__EXERCISE MATERIALS__:
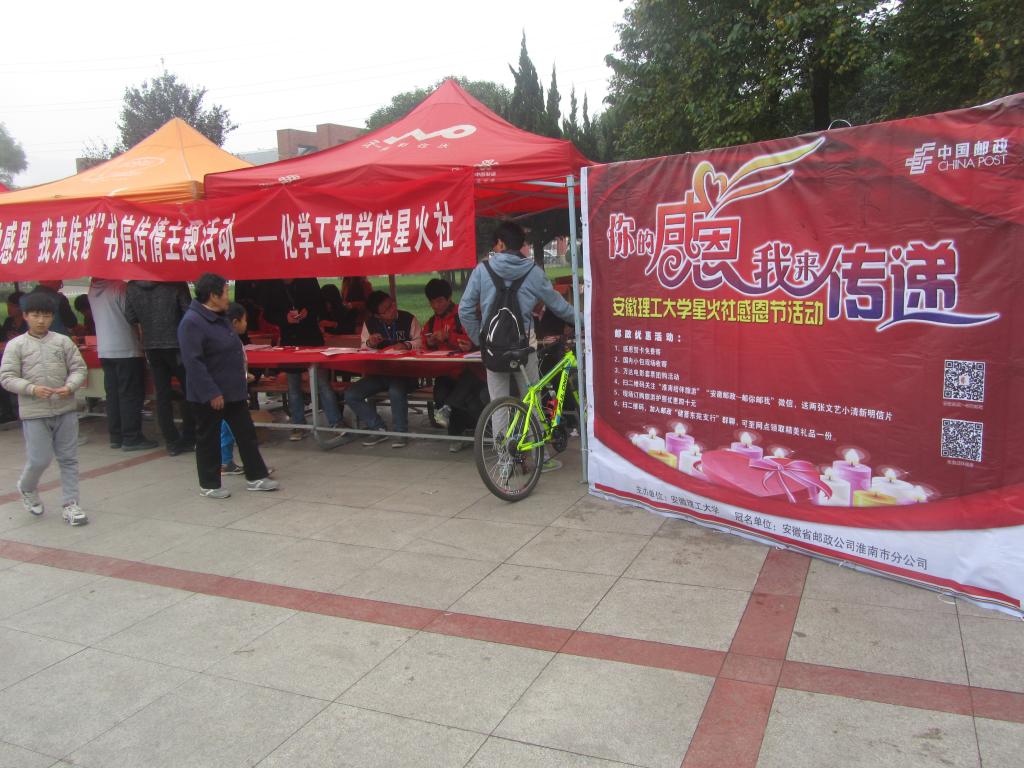 11月23日,值感恩节来临之际,化学工程美女av 联合安徽淮南邮政淮南分公司在北区喷泉广场举办了以“你的感恩,我来传递”为主题的免费邮寄书信活动。
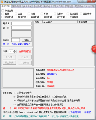 它能够帮助试客们快速自动申请淘宝试用中心内的任意产品,淘宝试用自动申请工具使用简单,可多选试用商品类别,完全自动申请无需你操心。
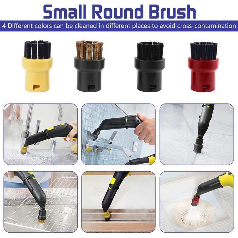 - Different round brushes- The cleaning brushes are clearly distinguishable for different tasks. The large round brushes have a large cleaning surface and high-quality bristle material for removing stubborn dirt. The high-strength bristles of the small round brush effectively clean oily and dirty surfaces such as stove lids, hobs, refrigerators, bathrooms and workpieces.
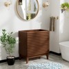 - 𝐌𝐢𝐝-𝐂𝐞𝐧𝐭𝐮𝐫𝐲 𝐁𝐚𝐭𝐡𝐫𝐨𝐨𝐦 𝐕𝐚𝐧𝐢𝐭𝐲: Bring mid-century and modern style to your bathroom with the clean lines and flared profile of this 24" bathroom vanity. The integrated walnut grain finish is both durable and beautiful, adding elegance and fashion to your bathroom
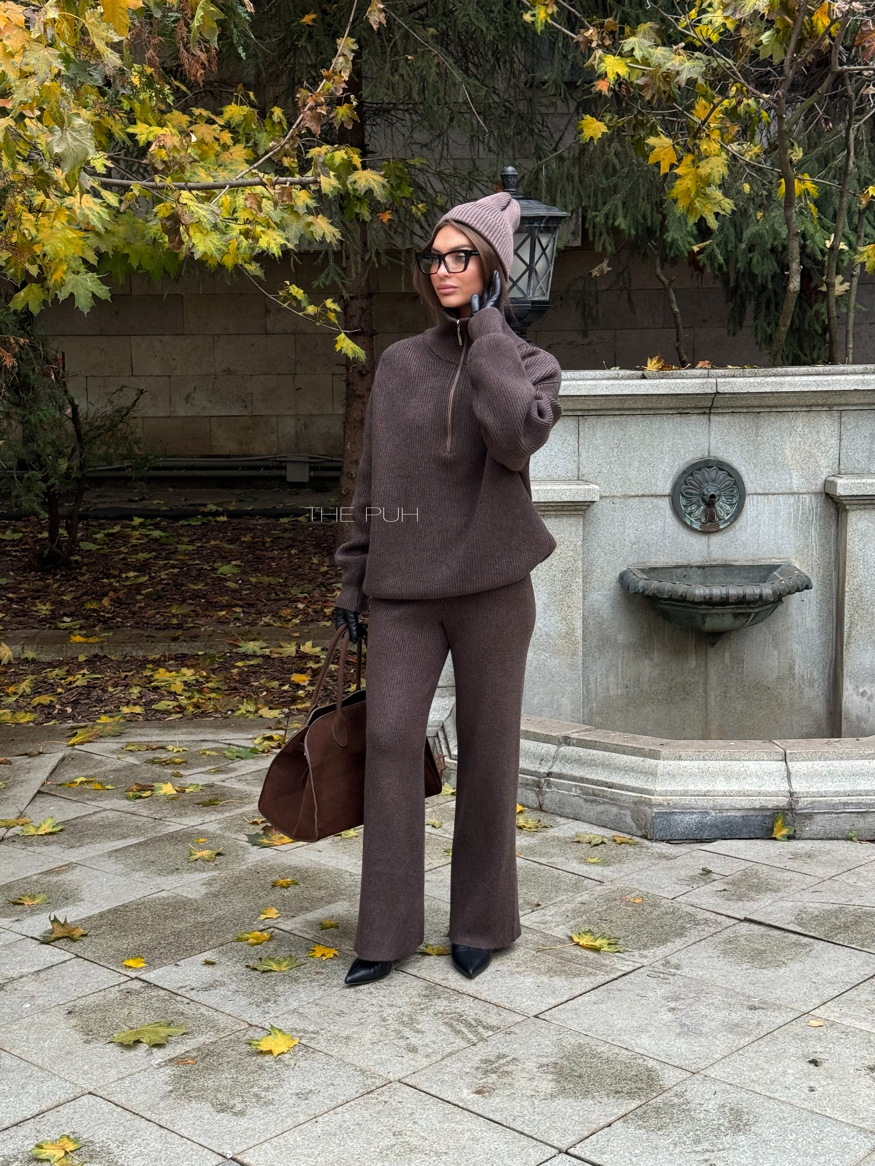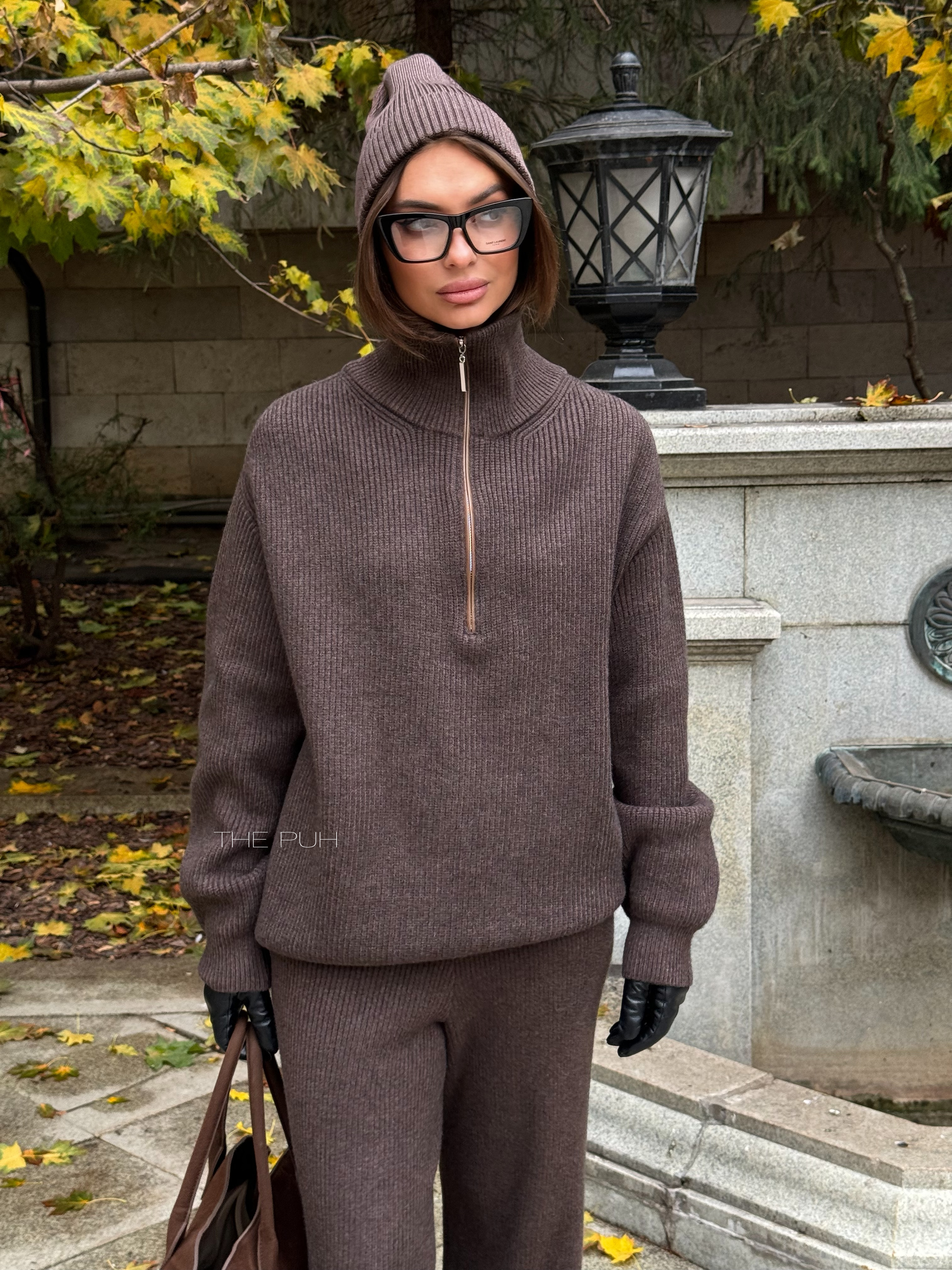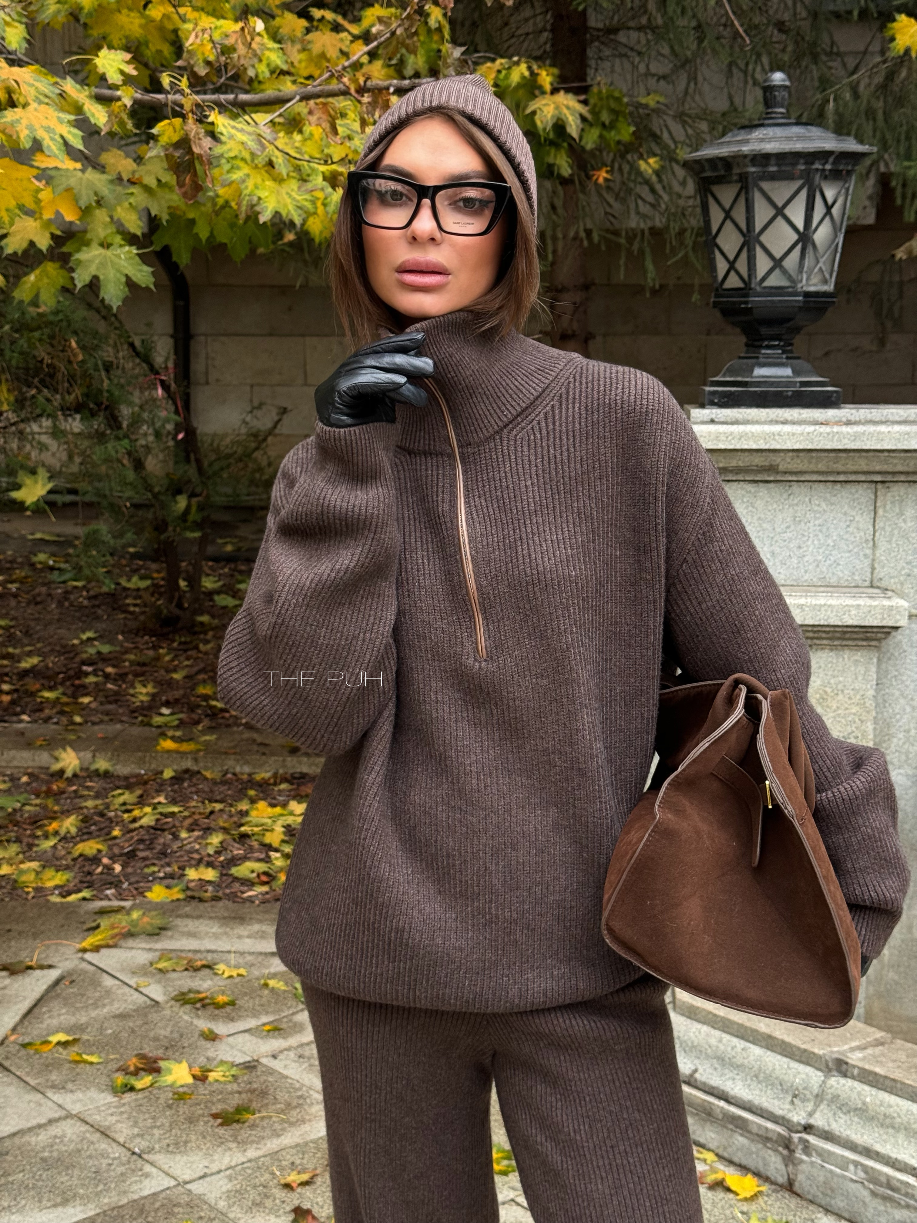 Трикотажный костюм в шоколадном цвете состоит из объемного свитера на молнии и брюк на резинке. Мягкая объемная вязка, свободный крой и удобная посадка создают расслабленный, но стильный образ. Такой комплект идеален для прогулок, встреч с друзьями или отдыха дома – тепло, комфортно и при этом не безлико.

__EXERCISE GOAL__: Keep the pictures out and repeat exactly the lines from the beginning of the data through the line that contains "它能够帮助试客们快速自动申请", both ends included.

__EXERCISE RESULT__:
 11月23日,值感恩节来临之际,化学工程美女av 联合安徽淮南邮政淮南分公司在北区喷泉广场举办了以“你的感恩,我来传递”为主题的免费邮寄书信活动。
 它能够帮助试客们快速自动申请淘宝试用中心内的任意产品,淘宝试用自动申请工具使用简单,可多选试用商品类别,完全自动申请无需你操心。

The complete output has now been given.